VALENTE: Transgender people experience high rates of homelessness, unemployment, and depression, often the result of discrimination. They are more likely to be arrested. More than half of all transgender individuals report having considered suicide. Jordan Becker says he sometimes lay in bed at night wondering, why does God hate me? He contemplated suicide twice before deciding to begin his male hormonal treatments.
BECKER: I tried drowning myself in a toilet. That was the lowest point of my life.
VALENTE: Society seems to be moving much faster. The school of the Art Institute of Chicago, where a significant number of the students identify as gay or transgender, provides gender-neutral bathrooms and housing. Additionally …
BREE WITT (Associate Director of Public Relations, School of the Art Institute of Chicago): We recently had a change to our student health insurance policy where we’re now able to cover hormone therapy and gender reassignment surgery for our students.
VALENTE: The federal government now allows individuals to officially change their sex on social security cards and passports, and many states allow change to driver’s licenses and birth certificates. However the military, which now accepts gays, will not allow openly transgender people within its ranks. Jordan Becker spent 6 years in an army military police unit but had to leave the service last year when he began taking hormones.
BECKER: I can still shoot a weapon. I can, you know, still drive a Humvee. I can still protect my friends, my soldiers, so it’s not—it’s not a good feeling that I was working, I was protecting my freedom and America’s freedom and—but in return, under regulations, I was not accepted.

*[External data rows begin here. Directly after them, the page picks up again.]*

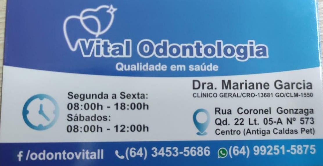 VITAL ODONTOLOGIA QUALIDADE EM SAÚDE RUA CORONEL GONZAGA QD. 22 LT 05 - A N 573 CENTRO (ANTIGA CALDAS PET) - GO - CEP 75.680-053 TELEFONE (64) 3453-5686 (64) 99251-5875
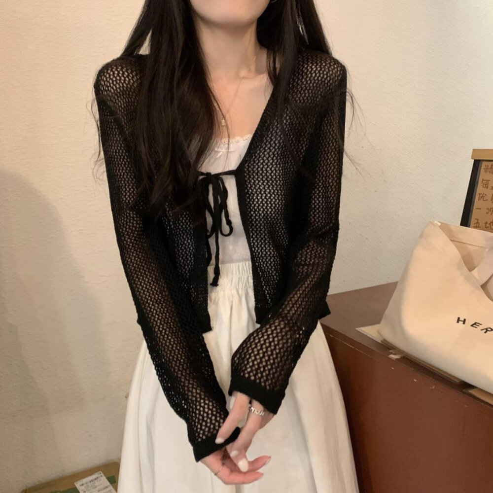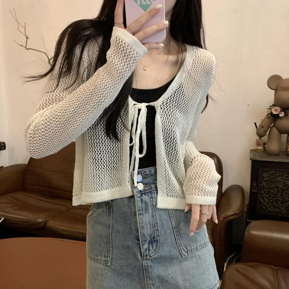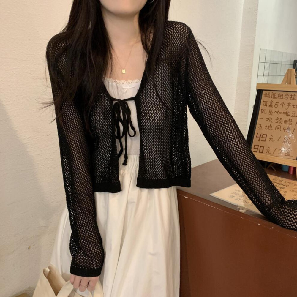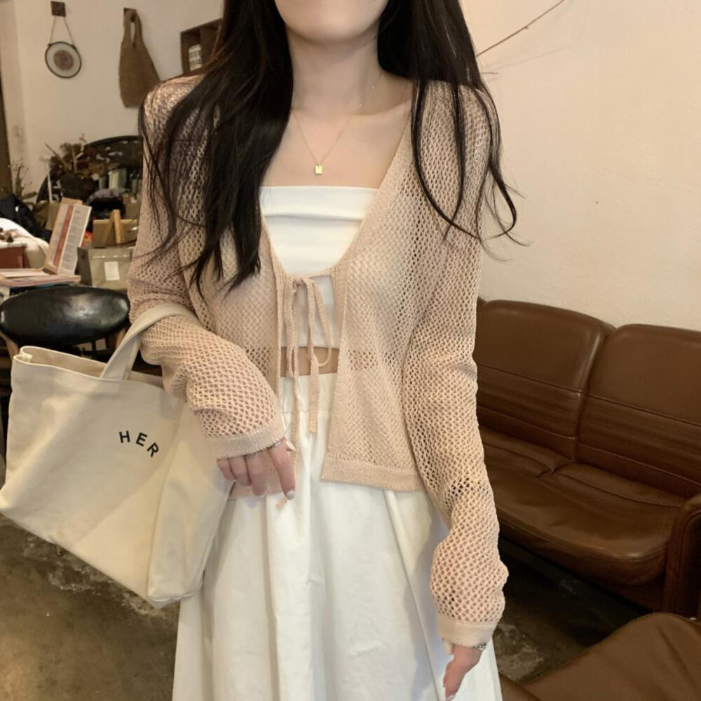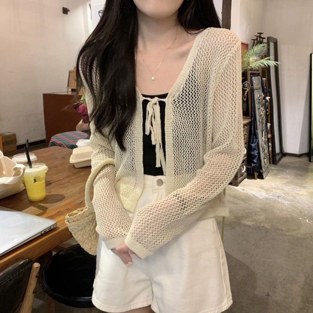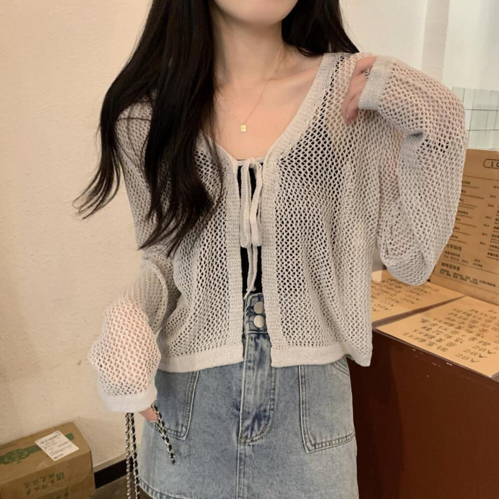 【台灣發貨】韓版法式V領薄款針織防曬外套 外套 防曬外套 女裝 上衣 衣服【J281】-圖片-1
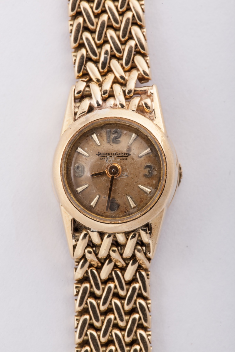 JAEGER LE COULTRE. MONTRE-BRACELET de dame en or. Le cadran circulaire numéroté "120416", le bracelet souple.
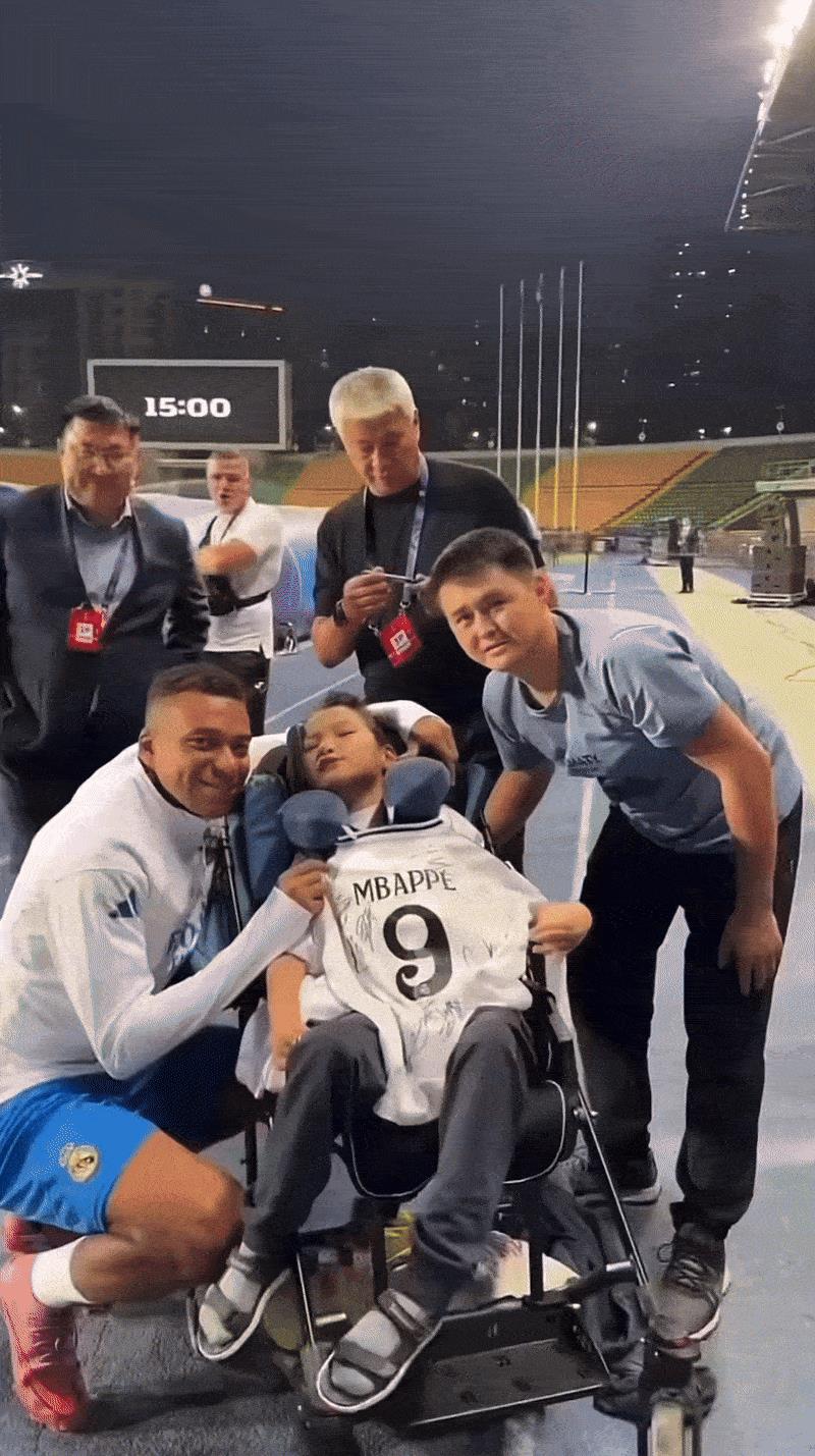 如此姆巴佩,怎能不爱? 欧冠皇马客场对阵哈萨克斯坦球队阿拉木图,姆巴佩入场时看到了坐在轮椅上的阿拉木图残疾人小球迷,二话不说微笑着过去和小球迷热情打招呼并送上亲笔签名。即使小球迷手中拿的是姆巴佩上赛季刚来皇马时身披的9号球衣,姆巴佩也没有半点儿犹豫和不满,全程笑脸签名,临走时还拍拍小球迷胸膛加油打气。 哪怕是逢场作戏也好,俱乐部安排也罢,但是这真挚温情的笑容假不了,还有什么理由黑姆总呢?
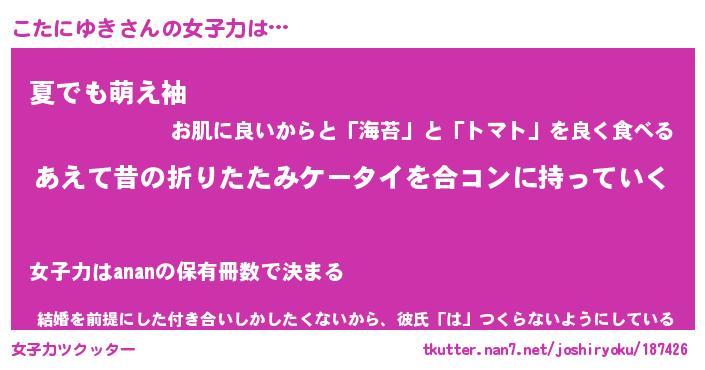 | 恥ずかしいあだ名 | 『プリティーこたにゆき』『こたっちょ』 |
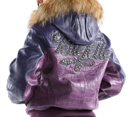 Purple Hooded Script Leather Jacket
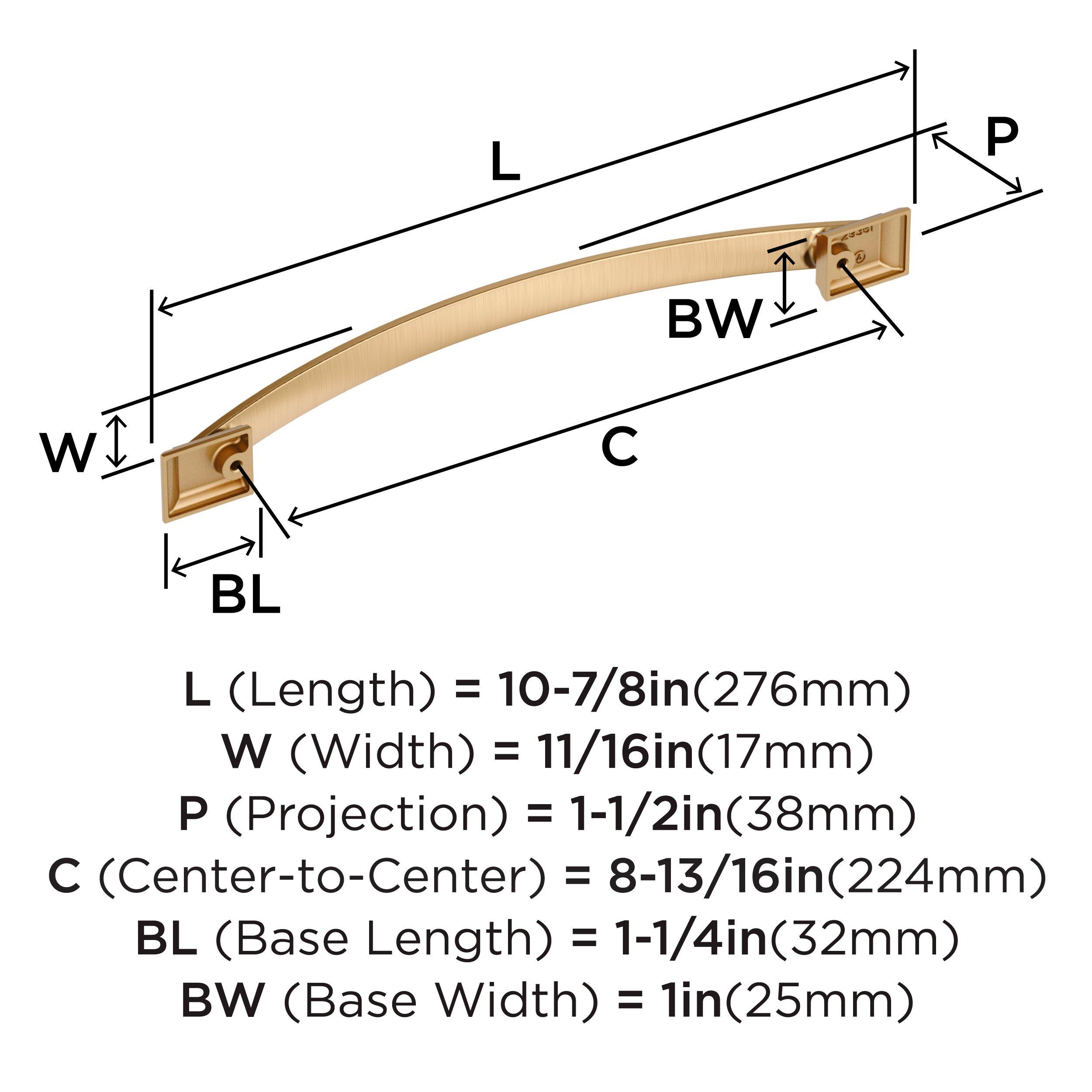 The Amerock Candler 8-13/16 in. Center-to-Center Champagne Bronze Cabinet Pull is finished in champagne bronze satin. With strong lines and soft curves, the Candler collection offers a casual feel that imparts timeless character
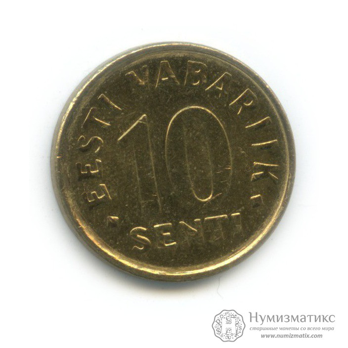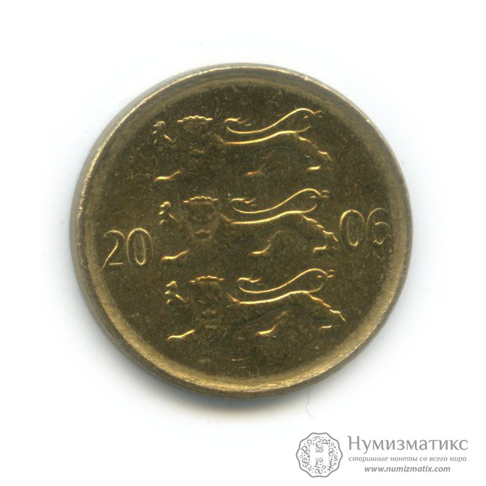 Монета регулярного выпуска «10 сентов 2006 года».2ая Республика (Крона) (1991-2009) (Эстония).Латунь.
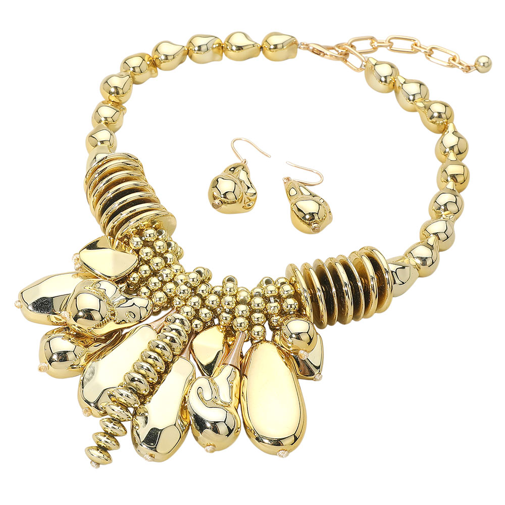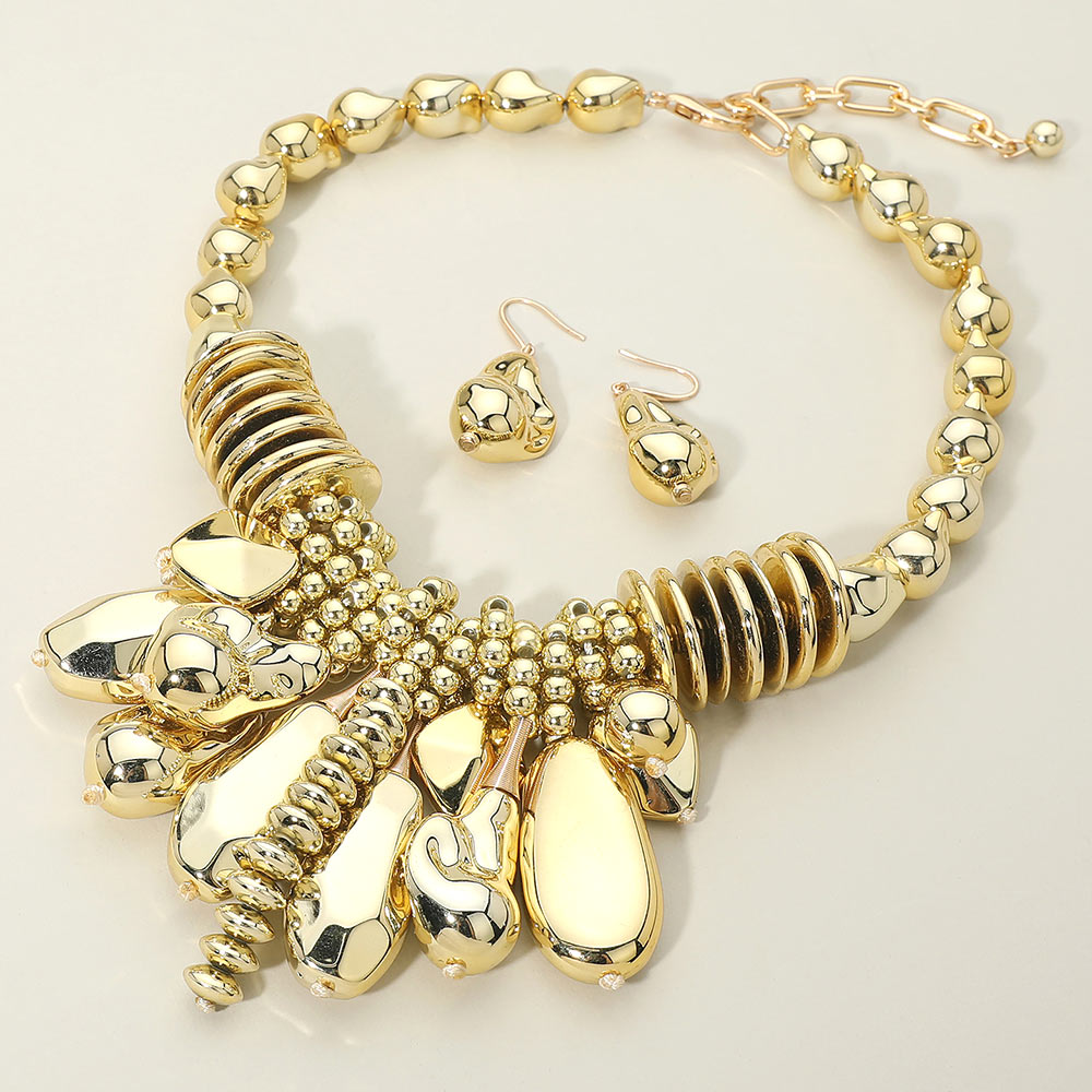 Details • Necklace Size : 17" + 3" L • Decor Size : 3.25" L • Earrings Size : 2.25" L • This statement charm necklace and matching earring set features layered beads and sculptural accents for a bold, fashion-forward look. Designed to elevate boutique collections, it offers strong visual impact, versatile styling options, and standout appeal for trend-driven outfits and modern statement jewelry displays. • Lead and Nickel Compliant

VALENTE: Dr. Garofalo of Lurie Children’s Hospital says he’s received hate mail from religious groups for treating transgender youth. He recalls one of the first teens he treated.
DR. GAROFALO: A fifteen-year-old transgender girl born a boy, and they wanted me to give estrogen to—and I was, like, are you kidding me? Like no way. Is it ethical to do that? I didn’t get any training in medical school about this. I had no idea. This was totally new. And then I got to know her, and I spent time with her, and really over the course of months my entire mindset changed from, like, is it really ethical to give this girl hormones to, like, would it really be ethical to not?
VALENTE: Reverend McGinley says it’s a tough issue for churches, because it forces us to reassess what it means to be a person—something transgender people insist goes beyond gender and anatomy.
BIGGS: Gender is a very fluid idea. There is more than just a binary male-female. There is—it’s a spectrum. Gender is a spectrum.
DANIEL-MCCARTER: I feel like being a transgender person is a gift I was given. It’s something I consider very sacred. It’s allowed me to see the world in very different ways.
BECKER: Why waste your time judging me? I’m a normal person. It doesn’t matter what’s in my pants or under my shirt.
VALENTE: Like Jordan Becker, many transgender people live with hope. Becker says an insight came to him one day, like a light bulb turning on, that God doesn’t hate him but has created him for a special purpose.
For Religion & Ethics NewsWeekly, I’m Judy Valente.